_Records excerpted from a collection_
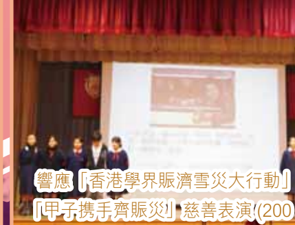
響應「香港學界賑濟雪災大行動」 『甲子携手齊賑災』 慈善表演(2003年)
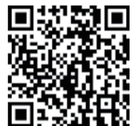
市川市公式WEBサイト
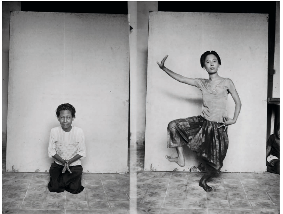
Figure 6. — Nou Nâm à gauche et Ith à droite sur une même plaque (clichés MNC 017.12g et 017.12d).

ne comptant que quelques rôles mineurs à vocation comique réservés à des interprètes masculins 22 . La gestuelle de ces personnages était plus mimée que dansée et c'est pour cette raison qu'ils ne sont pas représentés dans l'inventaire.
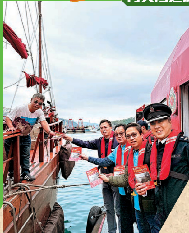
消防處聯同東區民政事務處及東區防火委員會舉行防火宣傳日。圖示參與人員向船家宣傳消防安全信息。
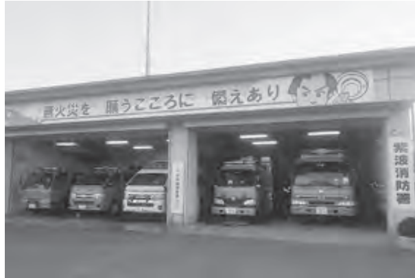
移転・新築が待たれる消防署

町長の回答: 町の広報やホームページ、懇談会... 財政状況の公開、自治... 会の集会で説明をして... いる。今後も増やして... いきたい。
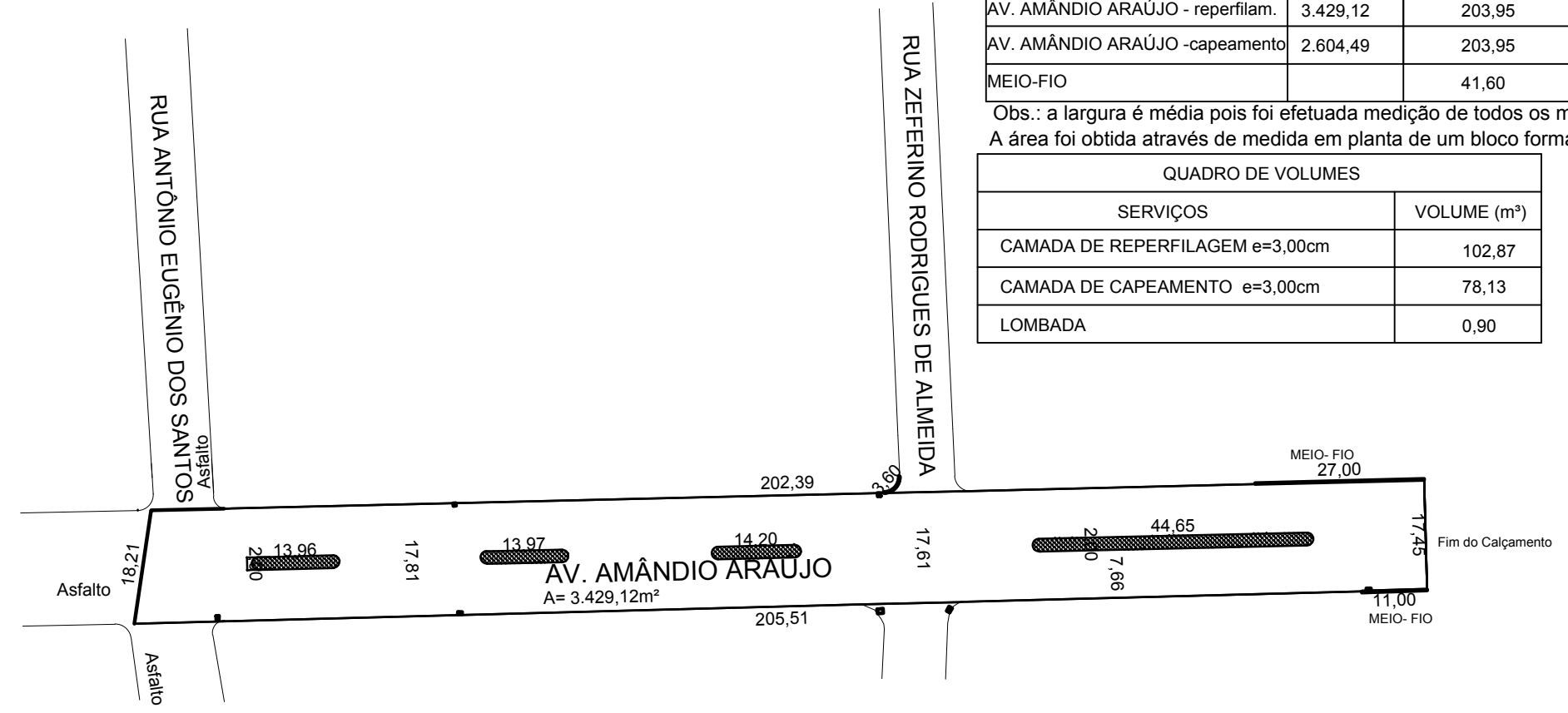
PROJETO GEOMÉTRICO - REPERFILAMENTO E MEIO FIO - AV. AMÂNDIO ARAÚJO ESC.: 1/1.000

_Task instructions_
Each word of the data should be repeated exactly, and the pictures left out.

_Response box_
響應「香港學界賑濟雪災大行動」 『甲子携手齊賑災』 慈善表演(2003年)
市川市公式WEBサイト
Figure 6. — Nou Nâm à gauche et Ith à droite sur une même plaque (clichés MNC 017.12g et 017.12d).

ne comptant que quelques rôles mineurs à vocation comique réservés à des interprètes masculins 22 . La gestuelle de ces personnages était plus mimée que dansée et c'est pour cette raison qu'ils ne sont pas représentés dans l'inventaire.
消防處聯同東區民政事務處及東區防火委員會舉行防火宣傳日。圖示參與人員向船家宣傳消防安全信息。
移転・新築が待たれる消防署

町長の回答: 町の広報やホームページ、懇談会... 財政状況の公開、自治... 会の集会で説明をして... いる。今後も増やして... いきたい。
PROJETO GEOMÉTRICO - REPERFILAMENTO E MEIO FIO - AV. AMÂNDIO ARAÚJO ESC.: 1/1.000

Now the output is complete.